**EXTRACTED MATERIAL**
== == ==

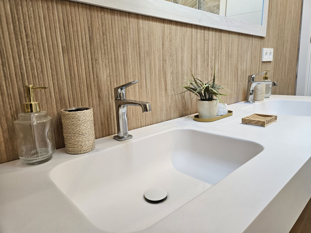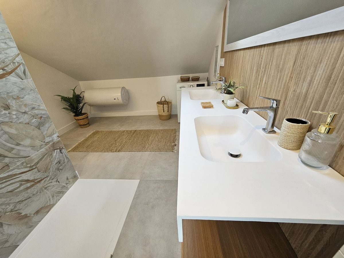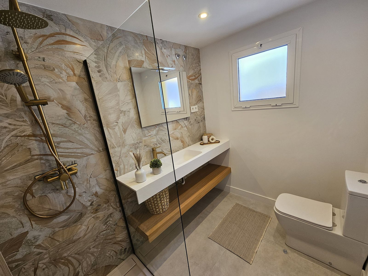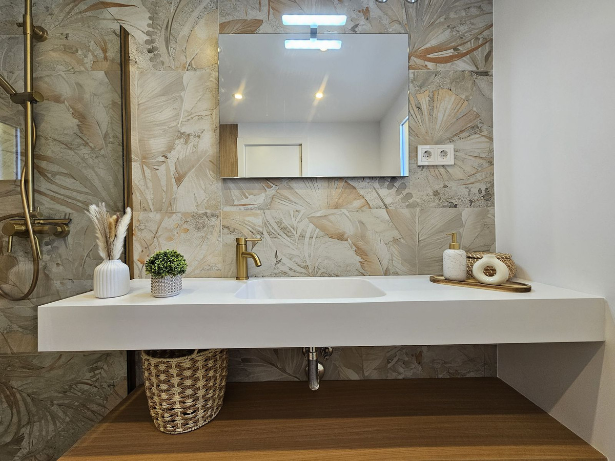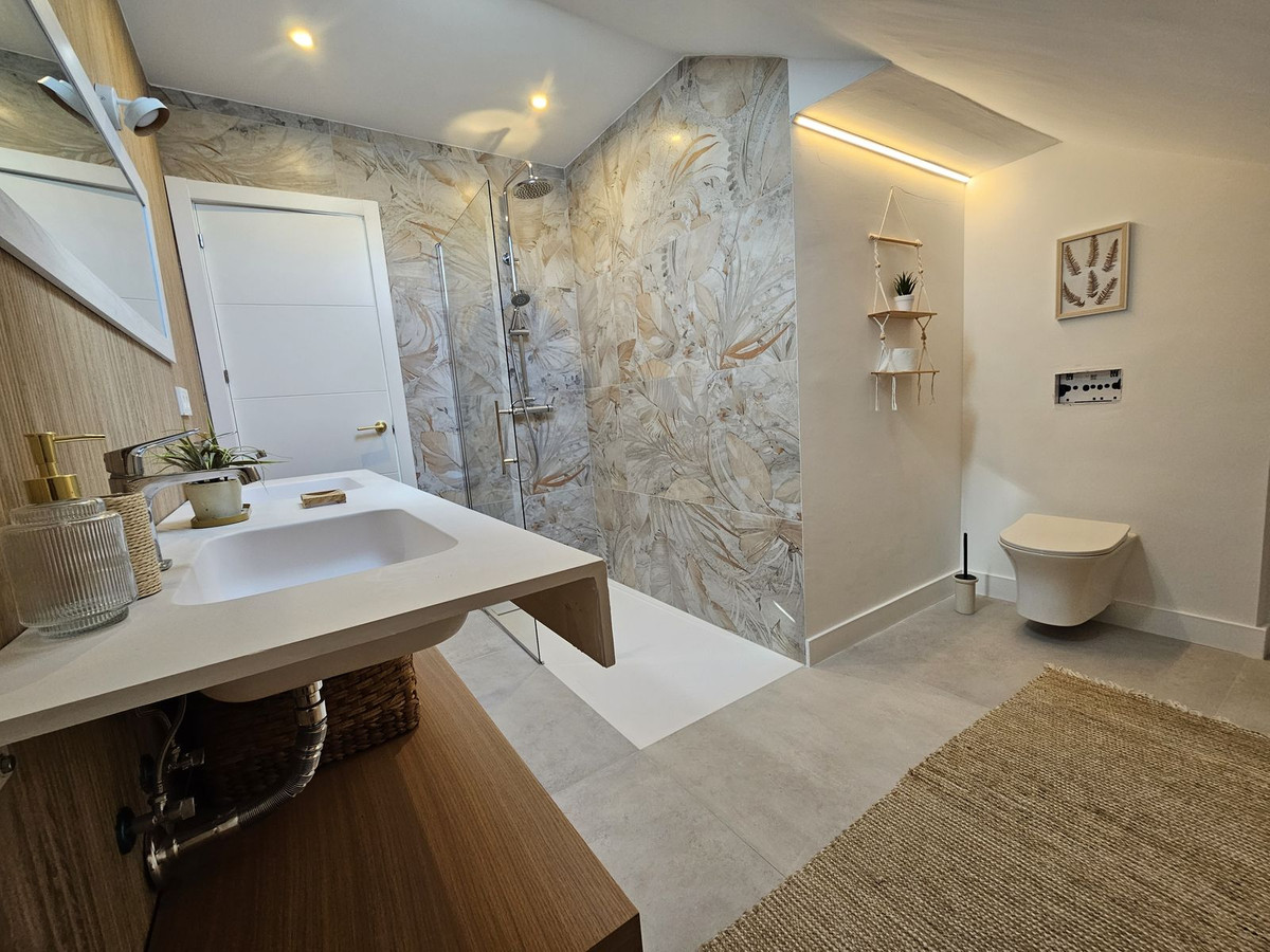 En la planta baja, encontrarás un elegante salón diáfano con cocina integrada, un acogedor dormitorio y un moderno baño. Desde aquí, se accede a una impresionante terraza parcialmente cubierta con zona chill-out y piscina privada, ideal para disfrutar de los días soleados. La entrada a la casa también cuenta con otro pequeño espacio exterior. La primera planta ofrece dos dormitorios más, con terraza privada en el dormitorio principal y un segundo baño, perfecto para la comodidad de todos. El garaje doble privado y cerrado se encuentra en el sótano.
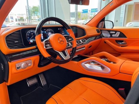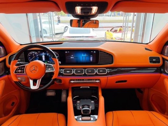23款奔驰GLS450改装升级四座内饰整体皮饰改成了爱马仕橙色的设计,替换了钢琴黑条纹桃木饰板,桃木方向盘,加装了HUD抬头显示系统,主机系统也刷了迈巴赫的开机画面,车内随处可见的迈巴赫标志,打造无出其右的考究质感。
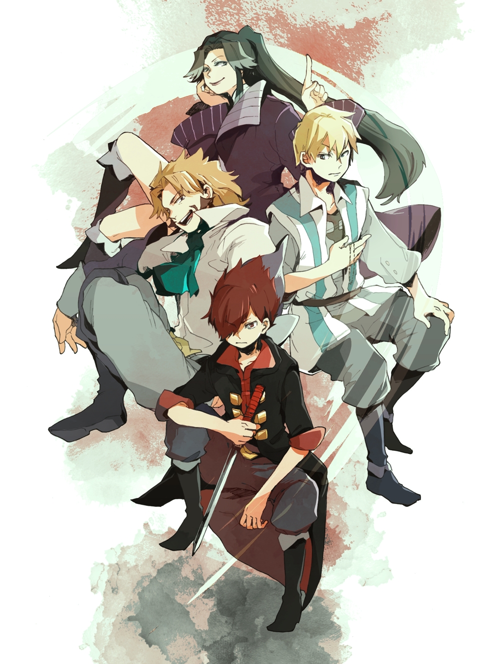 Description: A group of anime characters sitting next to each other on a white background with a red and blue background.
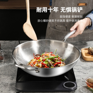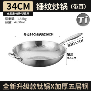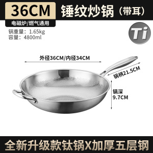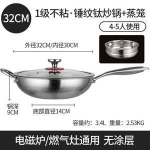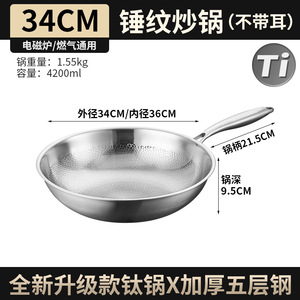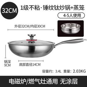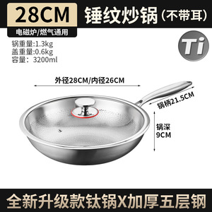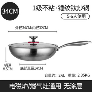 德国有钛炒锅无涂层钛锅不粘锅鱼鳞锤纹钛炒锅钛合金家用平底炒锅
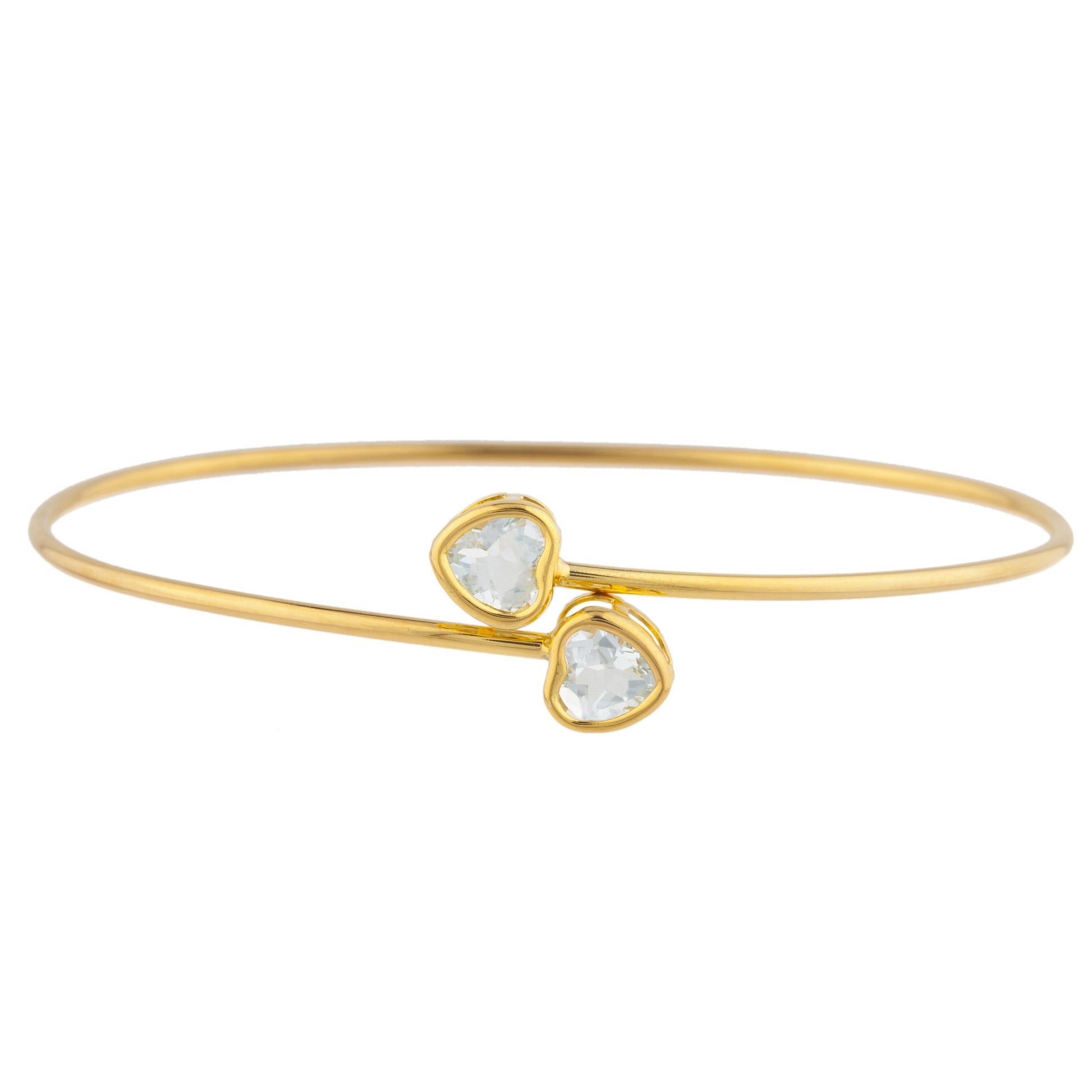 14Kt Gold Genuine Aquamarine Heart Bezel Bangle Bracelet
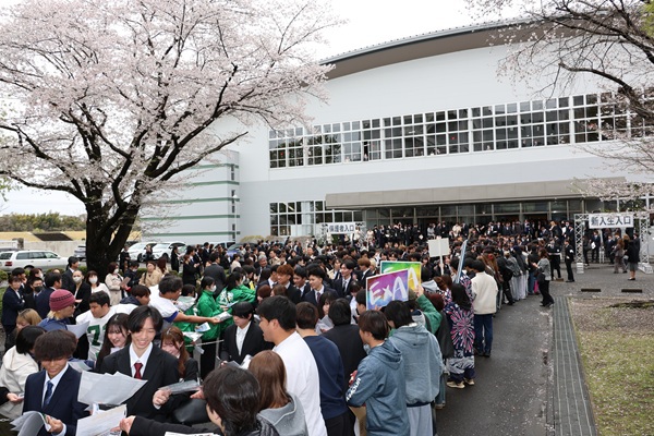 式典終了後、会場前で新入生を歓迎する部活動・同好会勧誘

== == ==

Would you please copy, exactly and only, the lines from the one with "德国有钛炒锅无涂层钛锅不粘锅鱼鳞锤纹钛炒锅钛合金家用平底炒锅" through the end of the entries above, skipping every picture?

 德国有钛炒锅无涂层钛锅不粘锅鱼鳞锤纹钛炒锅钛合金家用平底炒锅
 14Kt Gold Genuine Aquamarine Heart Bezel Bangle Bracelet
 式典終了後、会場前で新入生を歓迎する部活動・同好会勧誘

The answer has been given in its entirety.